**Supplied records**
☆ ☆ ☆ ☆ ☆
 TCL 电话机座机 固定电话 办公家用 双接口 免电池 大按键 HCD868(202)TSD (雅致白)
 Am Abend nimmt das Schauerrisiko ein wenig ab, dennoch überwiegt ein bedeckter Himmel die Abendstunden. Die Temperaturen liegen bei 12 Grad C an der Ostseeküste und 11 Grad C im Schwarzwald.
☆ ☆ ☆ ☆ ☆
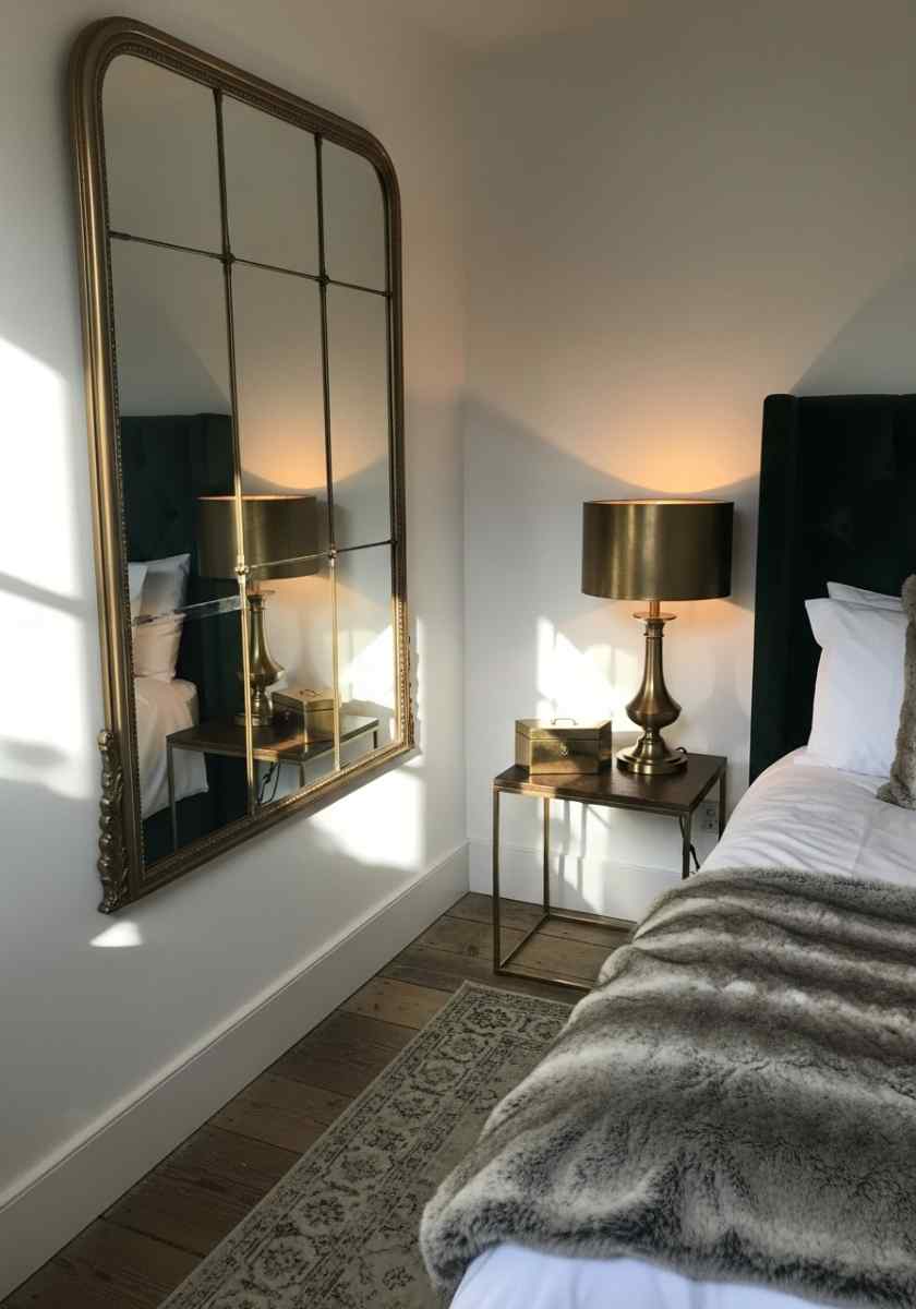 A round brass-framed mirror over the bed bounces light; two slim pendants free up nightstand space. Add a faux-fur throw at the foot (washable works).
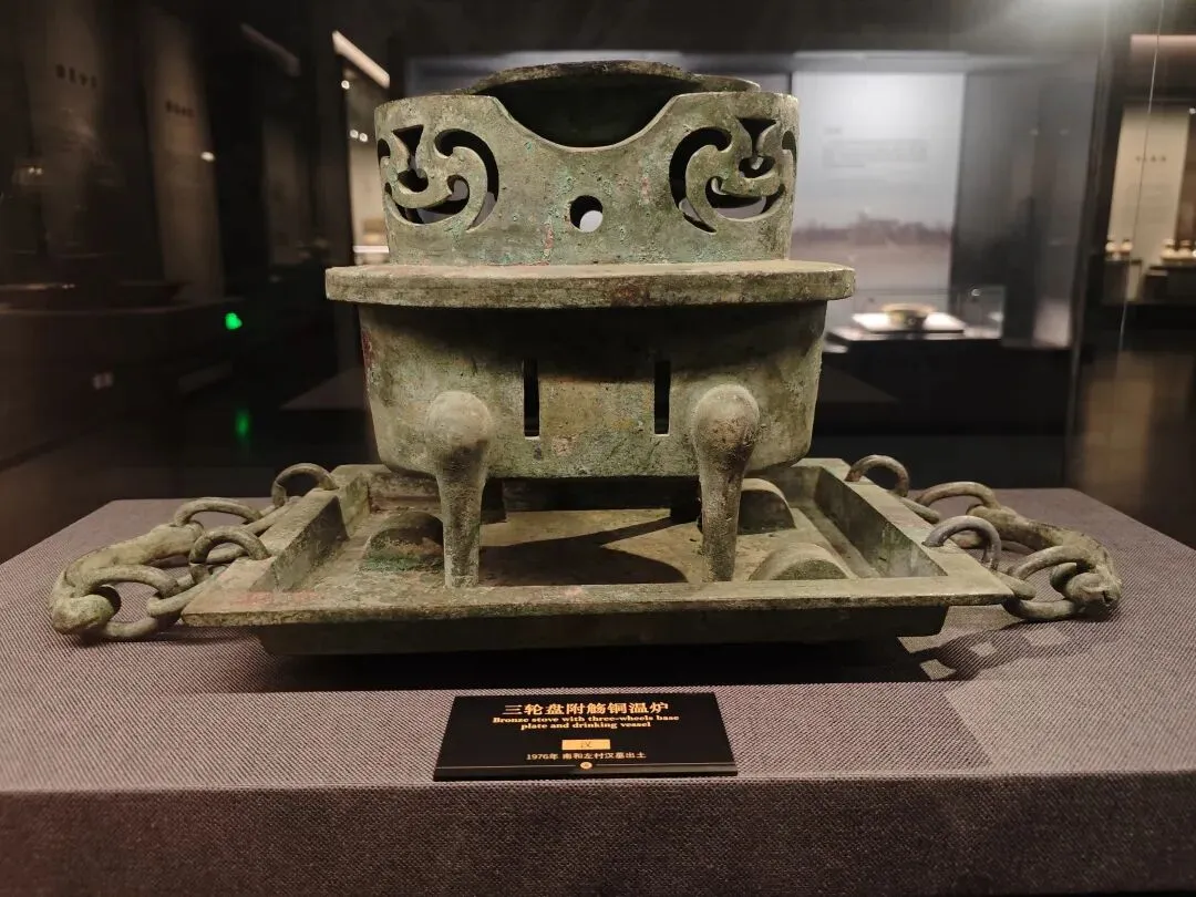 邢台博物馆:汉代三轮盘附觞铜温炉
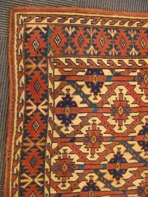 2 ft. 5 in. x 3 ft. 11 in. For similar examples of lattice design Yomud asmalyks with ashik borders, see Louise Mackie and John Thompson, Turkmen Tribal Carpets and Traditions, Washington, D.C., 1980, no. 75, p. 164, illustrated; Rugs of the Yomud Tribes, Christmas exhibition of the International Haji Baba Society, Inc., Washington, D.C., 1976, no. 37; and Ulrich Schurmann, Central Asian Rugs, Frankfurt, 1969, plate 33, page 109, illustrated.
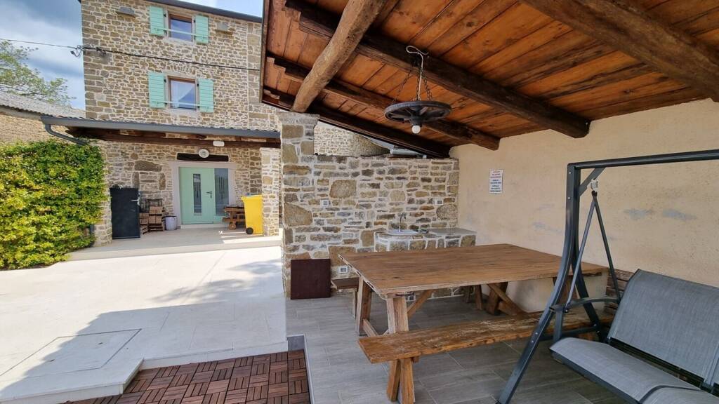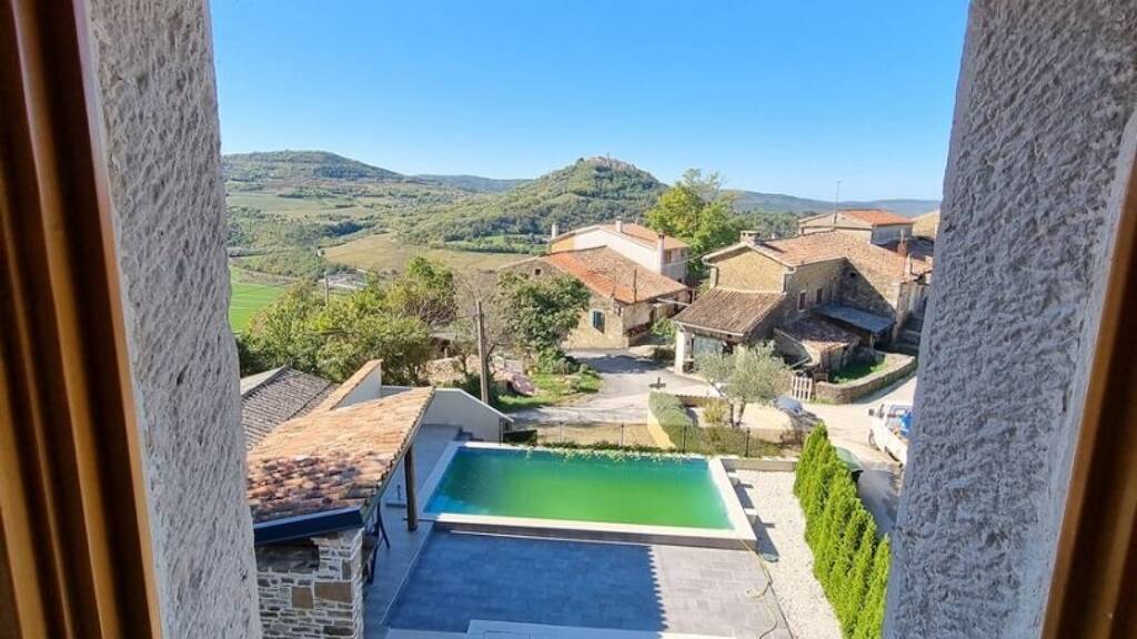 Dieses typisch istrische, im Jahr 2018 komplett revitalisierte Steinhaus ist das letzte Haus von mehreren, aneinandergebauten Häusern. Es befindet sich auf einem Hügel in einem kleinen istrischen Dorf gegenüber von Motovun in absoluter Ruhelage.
☆ ☆ ☆ ☆ ☆
**Exercise prompt**
Look above for the line containing "TCL 电话机座机 固定电话". Output from there through the line containing "Am Abend nimmt", exactly and inclusively.

**Response to the task**
 TCL 电话机座机 固定电话 办公家用 双接口 免电池 大按键 HCD868(202)TSD (雅致白)
 Am Abend nimmt das Schauerrisiko ein wenig ab, dennoch überwiegt ein bedeckter Himmel die Abendstunden. Die Temperaturen liegen bei 12 Grad C an der Ostseeküste und 11 Grad C im Schwarzwald.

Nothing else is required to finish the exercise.